Given material
★ ★ ★ ★
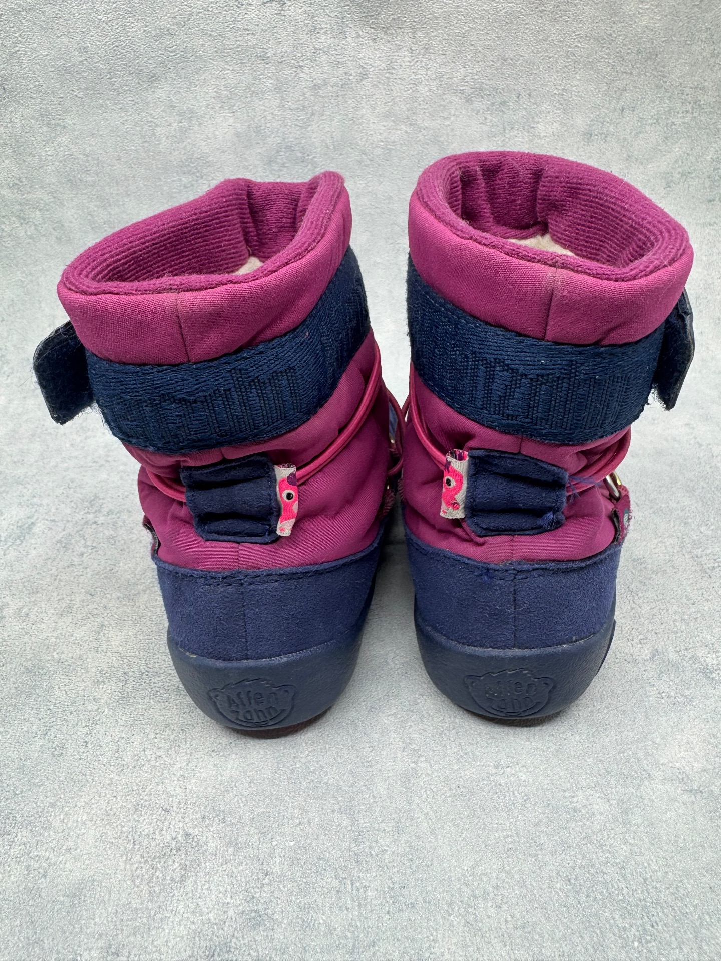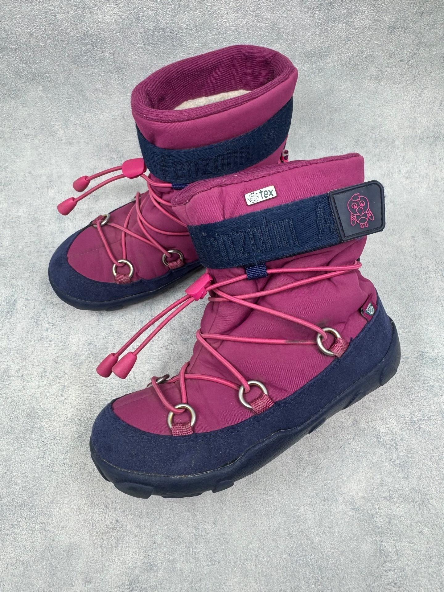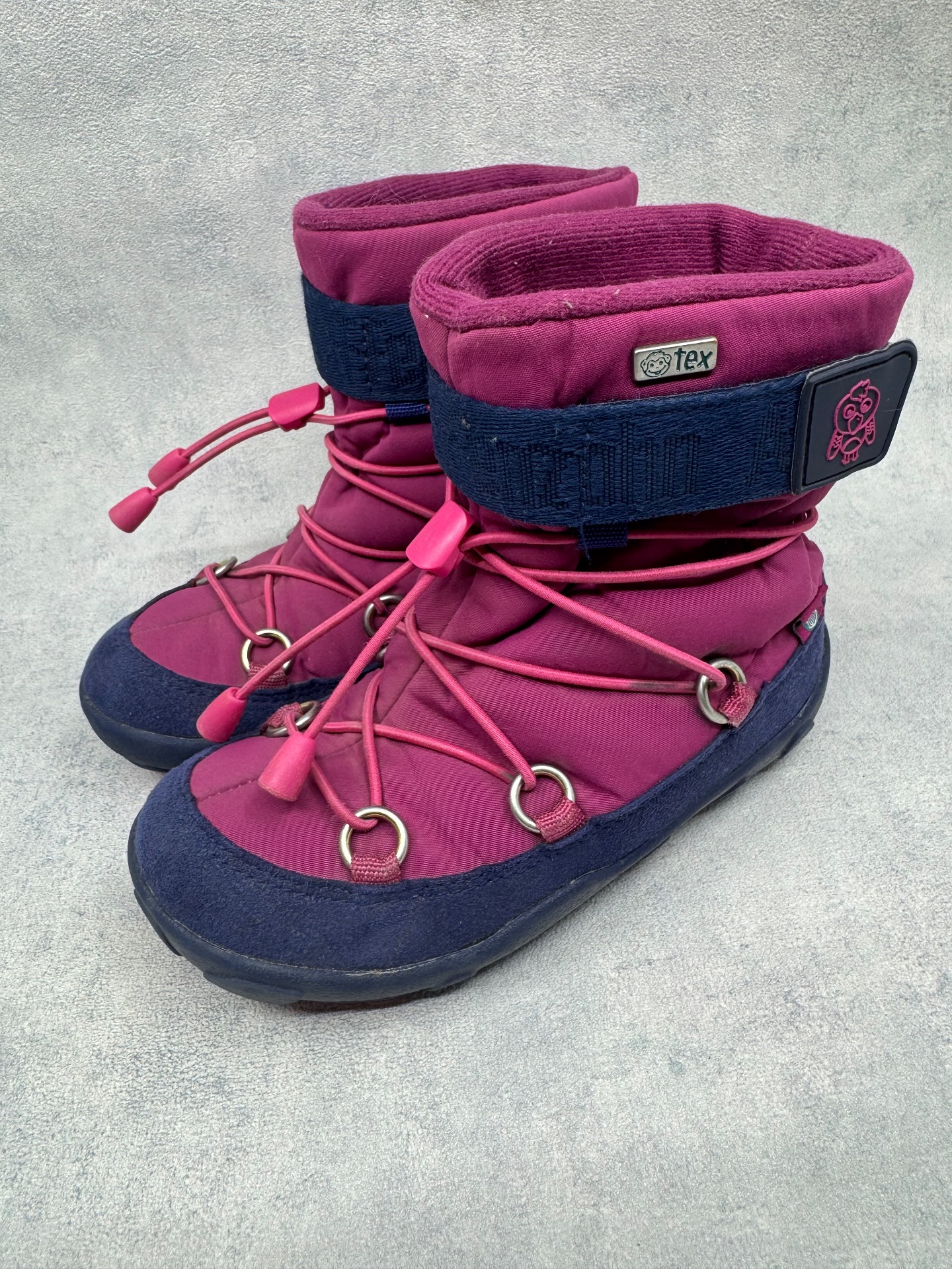 Erittäin hyväkuntoiset Affenzahnin paljasjalkakengät. Sisällä lämmin vuori, hyvässä kunnossa. Aavistus tummentumia pinnassa, yleisilmeeltään erittäin siistit kengät. Tarrat pitää erinomaisesti ja kengät on testattu juoksevan veden alla vedenpitäviksi, pinta on. vettähylkivä. Joustava pohja.
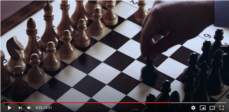 И первый же кадр удивляет: чёрные играют белой фигурой. Или чёрные играют сами с собой? Но по расположению фигур на доске понимаешь, что 17-е место в чемпионате школы – это потолок.
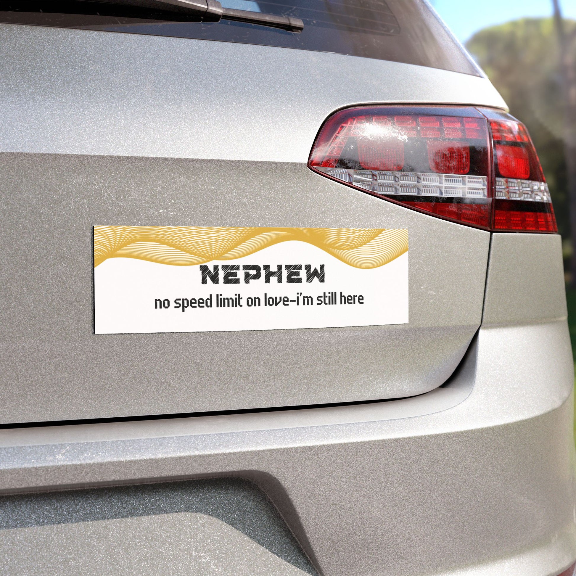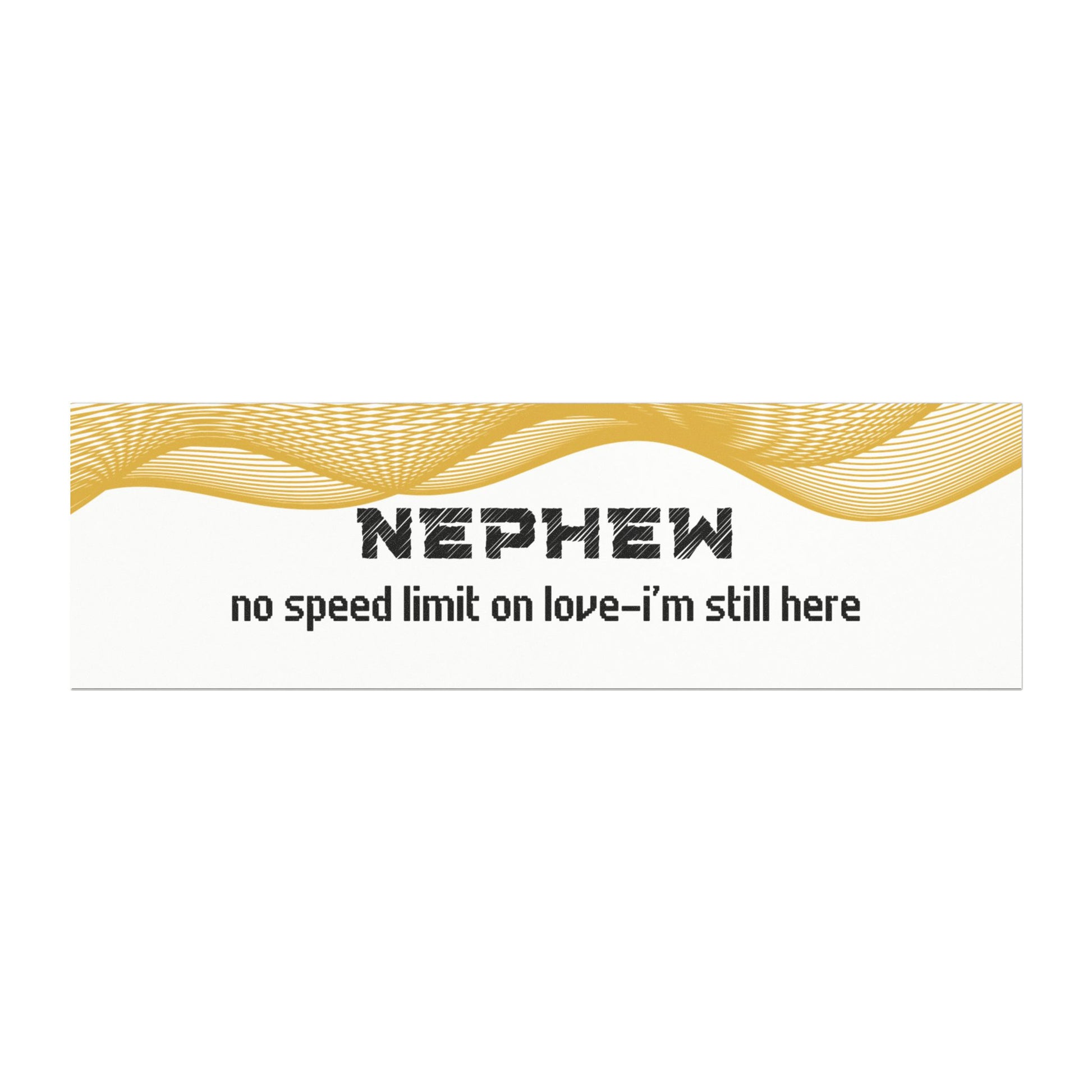 "A heartfelt message from your aunt or uncle in spirit, this bumper magnet serves as a reminder that love knows no boundaries. 'Nephew, no speed limit on love… I’m still here' reassures you that, even though they are no longer physically with you, their love is eternal and always present. A perfect keepsake for nephews who want to feel the lasting love and connection of their aunt or uncle."
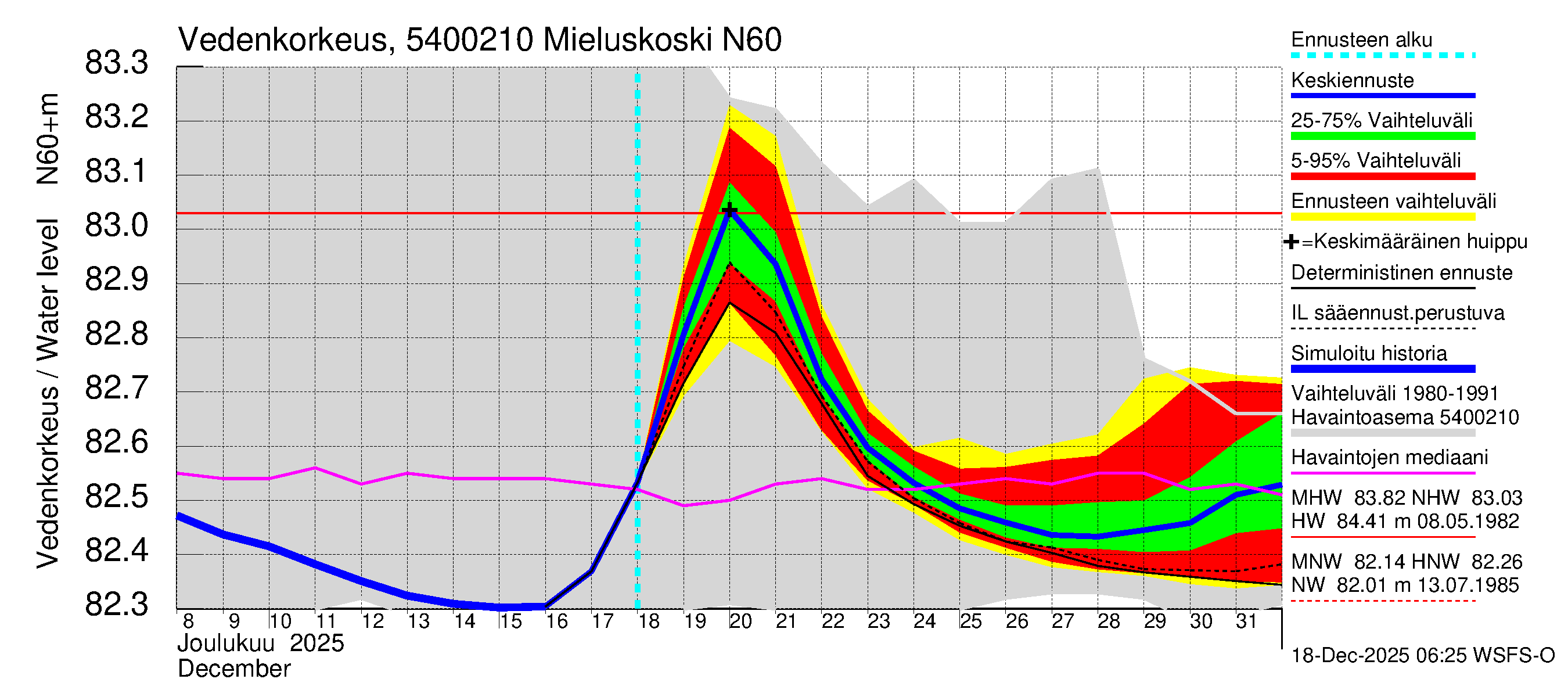 Pyhäjoen vesistöalue - Mieluskoski: Vedenkorkeus - huippujen keski- ja ääriennusteet
★ ★ ★ ★
Your copy should match the data exactly, apart from the images, which are dropped.

 Erittäin hyväkuntoiset Affenzahnin paljasjalkakengät. Sisällä lämmin vuori, hyvässä kunnossa. Aavistus tummentumia pinnassa, yleisilmeeltään erittäin siistit kengät. Tarrat pitää erinomaisesti ja kengät on testattu juoksevan veden alla vedenpitäviksi, pinta on. vettähylkivä. Joustava pohja.
 И первый же кадр удивляет: чёрные играют белой фигурой. Или чёрные играют сами с собой? Но по расположению фигур на доске понимаешь, что 17-е место в чемпионате школы – это потолок.
 "A heartfelt message from your aunt or uncle in spirit, this bumper magnet serves as a reminder that love knows no boundaries. 'Nephew, no speed limit on love… I’m still here' reassures you that, even though they are no longer physically with you, their love is eternal and always present. A perfect keepsake for nephews who want to feel the lasting love and connection of their aunt or uncle."
 Pyhäjoen vesistöalue - Mieluskoski: Vedenkorkeus - huippujen keski- ja ääriennusteet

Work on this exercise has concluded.